PipelineScore
Methodology

How the score works.

PipelineScore is a deterministic 0–100 number, computed from six weighted categories that mirror real-world LLM workloads. Same test pack, same judge, same math — every model gets the same shot.

The formula

PipelineScore = Σ (category_score × weight)

category_score = normalized 0-100 against the v1 anchor
weights sum to 1.0

Deterministic tests (code execution, exact-match, schema validation) score pass/fail with a difficulty multiplier. Subjective tests (writing quality, summarization) are scored 0–10 against a rubric by a held-out judge model.

The six categories

Code
25%
Code generation, debugging, refactoring, test writing — runnable, gradeable code.
Reason
20%
Multi-step reasoning, math, logic, strict instruction following.
Write
15%
Drafting, summarization, style adherence, tone control.
Tool Use
15%
Function calling correctness, parameter selection, orchestration, graceful refusal.
RAG
12%
Grounded answering, citation accuracy, faithfulness, refusal to fabricate.
Speed
13%
Latency (p50, p95) and tokens/sec under a standardized load.

The tiers

Five tiers, named after the parts of a real industrial pipeline. A score maps to exactly one tier — no overlap, no ambiguity.

TRUNK
90100
Top of the heap — main industrial line.
MAINLINE
7589
Excellent and reliable service line.
FEEDER
6074
Solid, capable secondary line.
TAP
4059
Functional small-branch connection.
DRIP
039
Minimal flow — weak.

Config tags — same model, different setups

A vanilla claude-opus-4-7 and the same model wrapped in your custom system prompt or LoRA adapter are not the same thing. They should not collide on the board.

The CLI accepts a --config-tag flag — a short, free-form string like system-prompt-coder, lora-domain-finance, or temp-zero. The leaderboard shows it as a separate row from the base-model run, and you get a real apples-to-apples view of how much your customization actually moved the score.

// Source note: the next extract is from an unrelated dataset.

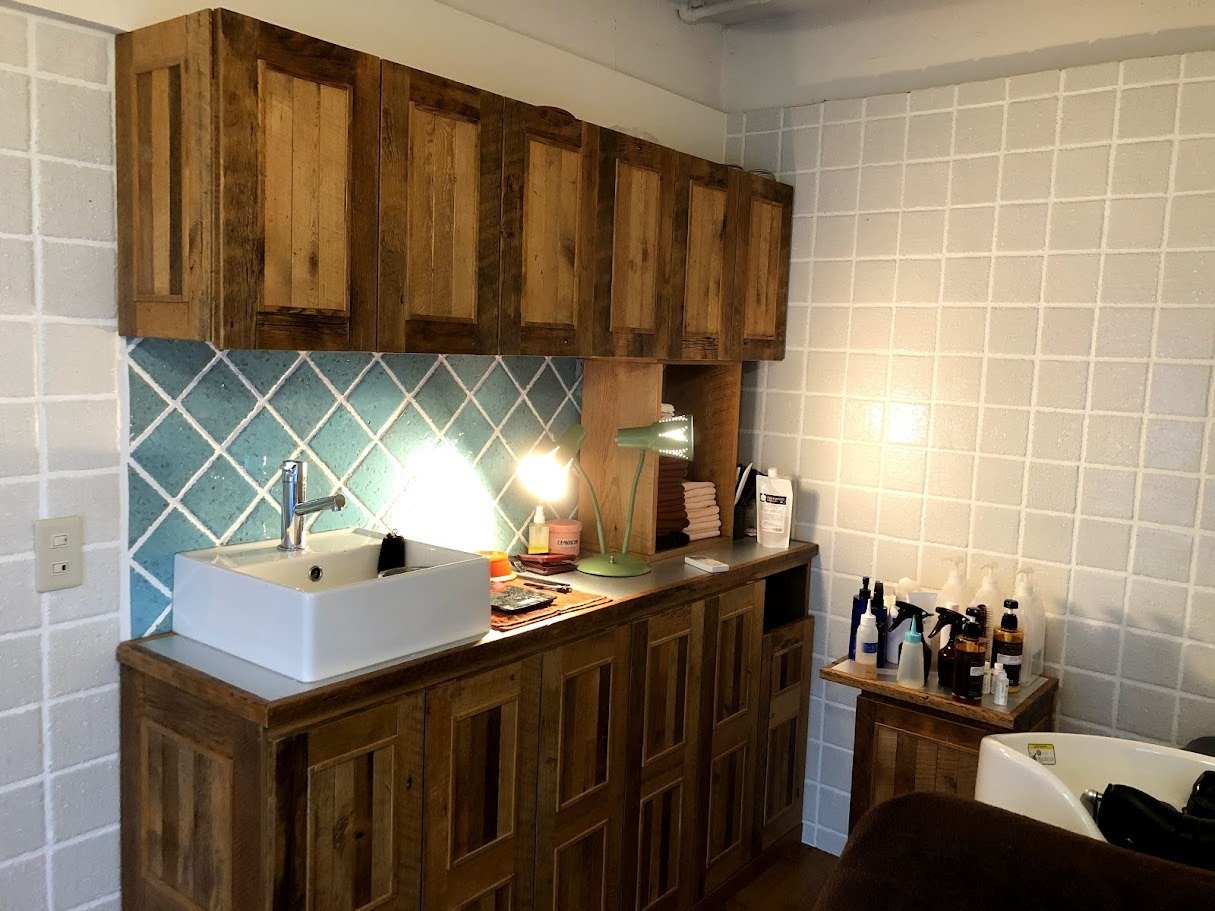 【美容室の施工事例】北海道札幌市 ヘアーサロン クロロム 使用場所: 壁・天井 , その他 札幌市中央区南1条西1丁目マナー白鳥ビル8階808 ウェブサイト この施工例で使用している古材 USボード ブラウン VIEW MORE

Base-model submissions leave the tag blank. The "base" marker on the Users Leaderboard means a default, unmodified run.

Anti-cheat & integrity

  • Public taxonomy, private prompts. The six categories and their task types are open. The exact prompts rotate daily and are HMAC-signed per-day, so a cached pack from yesterday won't pass today's server-side check.
  • Server-side re-judgment. Every submission is re-graded centrally by a held-out judge model (Claude Haiku 4.5). The CLI's local score is provisional — only the server's number lands on the board.
  • Layered rate limits. 20 submissions per IP per hour, 100 per nickname per day, and 5 per (nickname, model) per hour. 429s return a stamped JSON error identifying which layer fired, with a Retry-After header.
  • Lab-verified flag. A small set of runs published by Charles & Roe under controlled conditions are tagged Lab on the board. Community submissions stay on the leaderboard permanently — the score is the score.
  • Nicknames aren't authenticated, by design. We don't verify that the person submitting as "karpathy" is Andrej. The leaderboard is signal-grade, not reputation-graded. If someone impersonates you, email privacy@pipelinescore.ai and we'll redact on a good-faith basis.
  • 30-day transcript retention. Raw prompt + model-output bodies are kept for 30 days for audit, then overwritten. The score row is permanent. See Privacy for the full policy.